Diploma Thesis
My Diploma Thesis (almost equal to a Master Thesis, except for some formalities) was entitled "Integrated Processing of Object-Relational and XML Databases with SQL:1999", and I have written it at the VSIS group (Distributed Systems and Information Systems) at the Department of Computer Science of the University of Hamburg. My first advisor was Prof. Dr. Norbert Ritter, my second advisor Doz. Dr. Martin Lehmann. This was a co-operative work with Natalia Hänikel and Research Assistant Iryna Kozlova. It is part of the SQXML Project.

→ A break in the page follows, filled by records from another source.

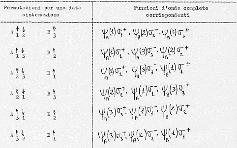 (6) Per capire perché nella Tavola figurano dei prodotti tra funzioni d’onda complete, si rivedano i concetti elementari della probabilità composta. Qui, come esempio, diciamo solo che la prima funzione che figura nella Tavola rappresenta il verificarsi simultaneo dei seguenti eventi: elettrone 1 vicino al nucleo A con lo spin rivolto verso l’alto; elettrone 2 vicino al nucleo A con lo spin rivolto verso il basso; elettrone 3 vicino nucleo B con lo spin rivolto verso l’alto.
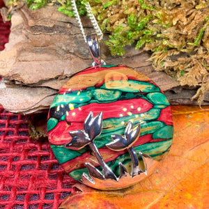 This beautiful piece is a work of art that honors Scotland and the Highlands. The center stone is made from heather collected in the Highlands, dyed in the vibrant colors of the countryside, and compressed into this gloriously colorful stone that will last a lifetime.
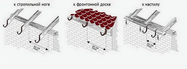 - "Béquilles" comme base - cette option est utilisée s'il n'y a pas de planche frontale, mais il est impossible de la fixer sur la caisse pour une raison quelconque. Ensuite, des "béquilles" en métal ou en bois sont fixées directement au mur et le drain est installé dessus et fixé avec des épingles. Cette méthode est plus souvent utilisée sur les dépendances, car la gouttière n'est pas très esthétique.
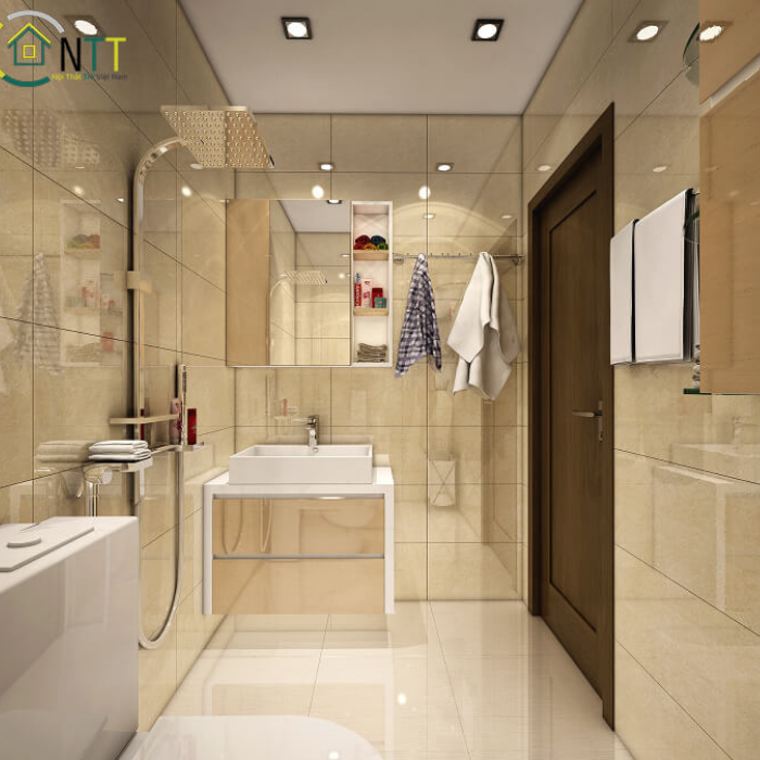 – Không nên lắp cửa nhà vệ sinh đối diện cửa chính, bếp hoặc cầu thang.
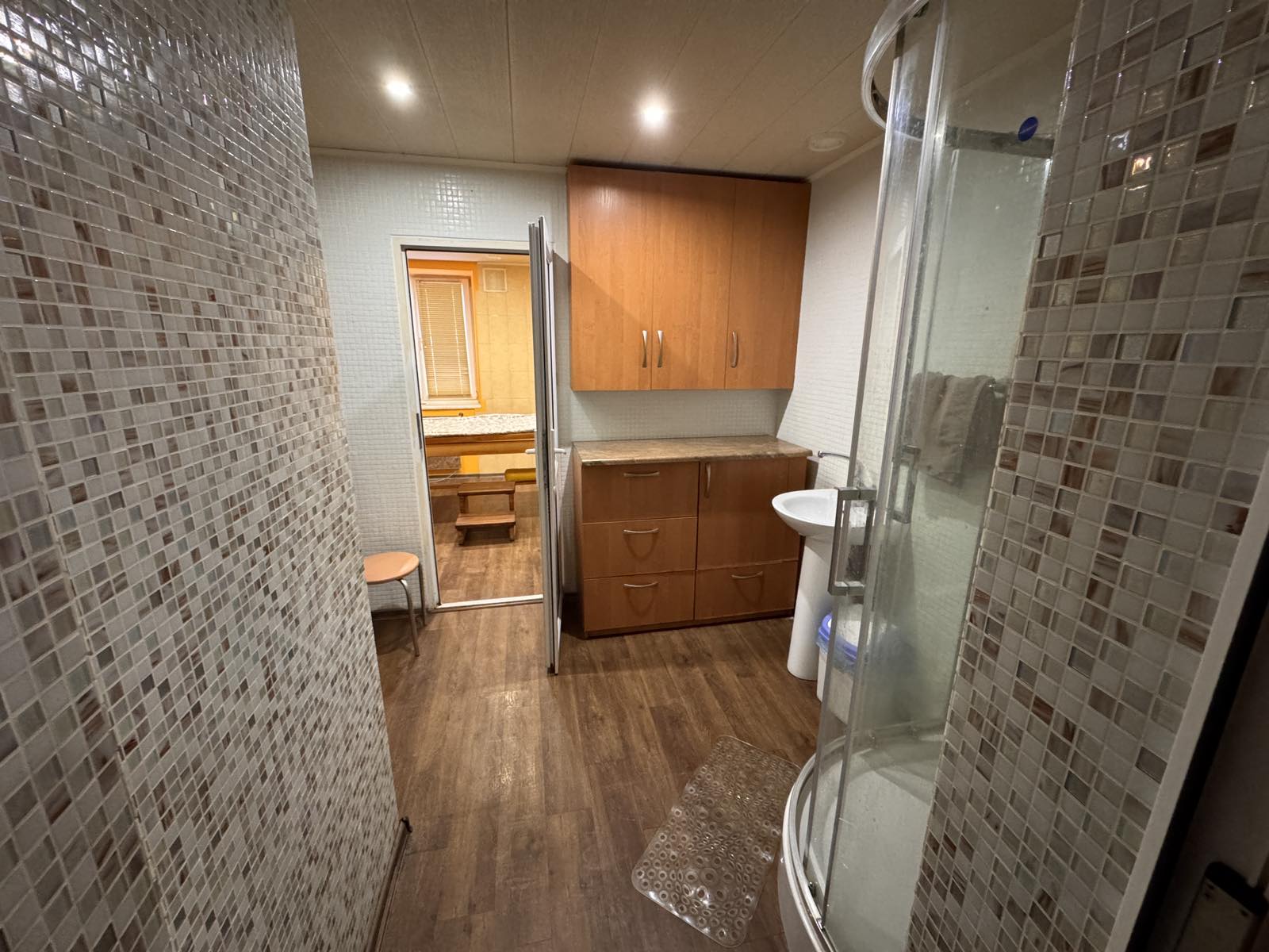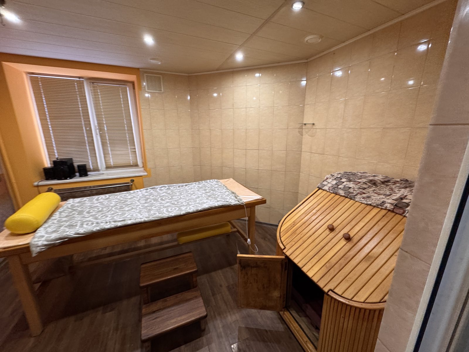 Приміщення розташоване на цокольному поверсі п’ятиповерхового будинку, має окремий вхід та власну невелику огороджену територію, що є додатковою перевагою для бізнесу.
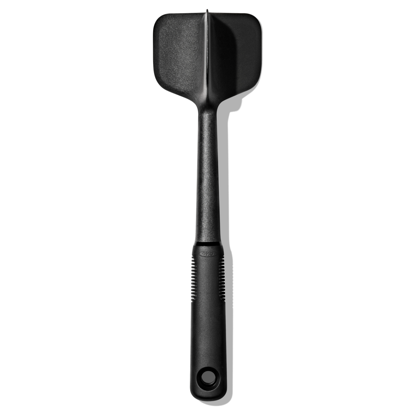 The Ground Meat Chopper & Turner's three wide blades help you stir without getting meat stuck in between. Silicone edge is great for scraping and transferring food out of pans. Rounded design helps you scrape corners of saucepans. Heat resistant up to 400° F.
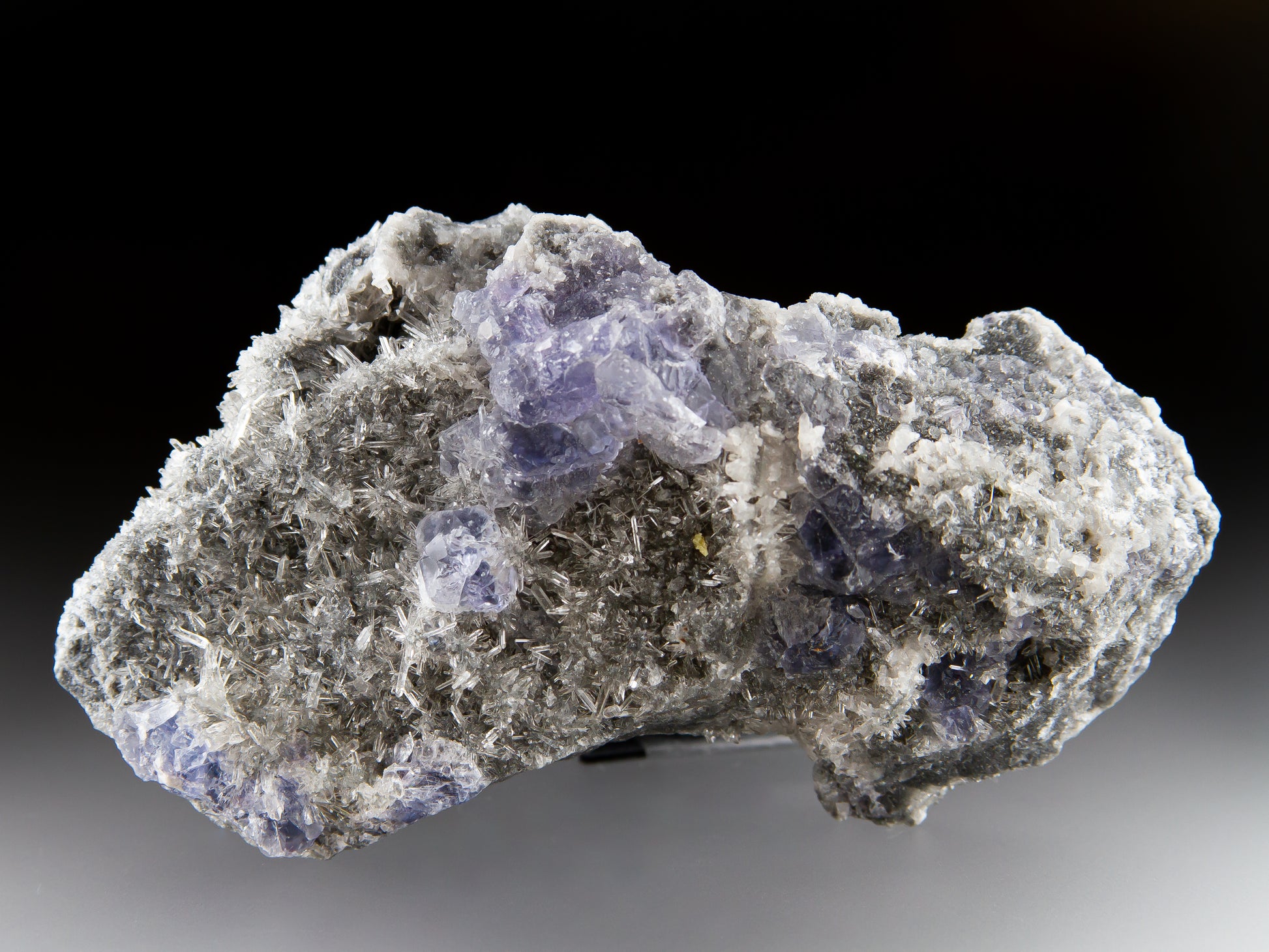 Blue fluorite crystals with octahedral shape surrounded by clear needle quartz. A great, eye-catching specimen with lots of sparkle and aesthetically pleasing contrast. 167.65 grams.

- Diplomarbeit.pdf – my Diploma Thesis
- SQXML.ppt.zip – presentation slides
Abstract
"Database integration, also known as Enterprise Information Integration (EII), has become increasingly important
recently due to the success of XML and the need to store and manage XML data. The goal of database integration is
to provide transparent integrated access to multiple data sources, and it is therefore a key requirement of organizations,
which need to integrate data from multiple sources. In schema integration, which is one EII approach, the database systems
remain fully autonomous, and a middleware layer is introduced that presents a global view of the database schemata to the
user and performs query transformation to answer global queries by sending partial queries to the databases and combining
the results.
In this thesis a schema integration architecture for the two prevalent types of database management systems is proposed,
namely for object-relational SQL:1999 and native XML Schema database systems. In particular, the case of a global SQL:1999
schema is studied. The main challenge is to create the global schema despite of the heterogeneity between the original
schemata. In order to overcome the inherent conceptual differences between SQL:1999 and XML Schema, a new approach based
on the CommonWarehouse Metamodel standard (CWM) is proposed in this thesis. For matching the schemata, i.e., finding their
correspondences, and merging them into the global schema, state-of-the-art algorithms are further improved. Furthermore,
for eliminating modeling conflicts that may occur between the schemata due to design autonomy, possible conflicts are
studied and resolved. Finally, a query processing architecture is proposed for splitting queries on the global schema
into partial queries on the original database schemata and for integrating their results."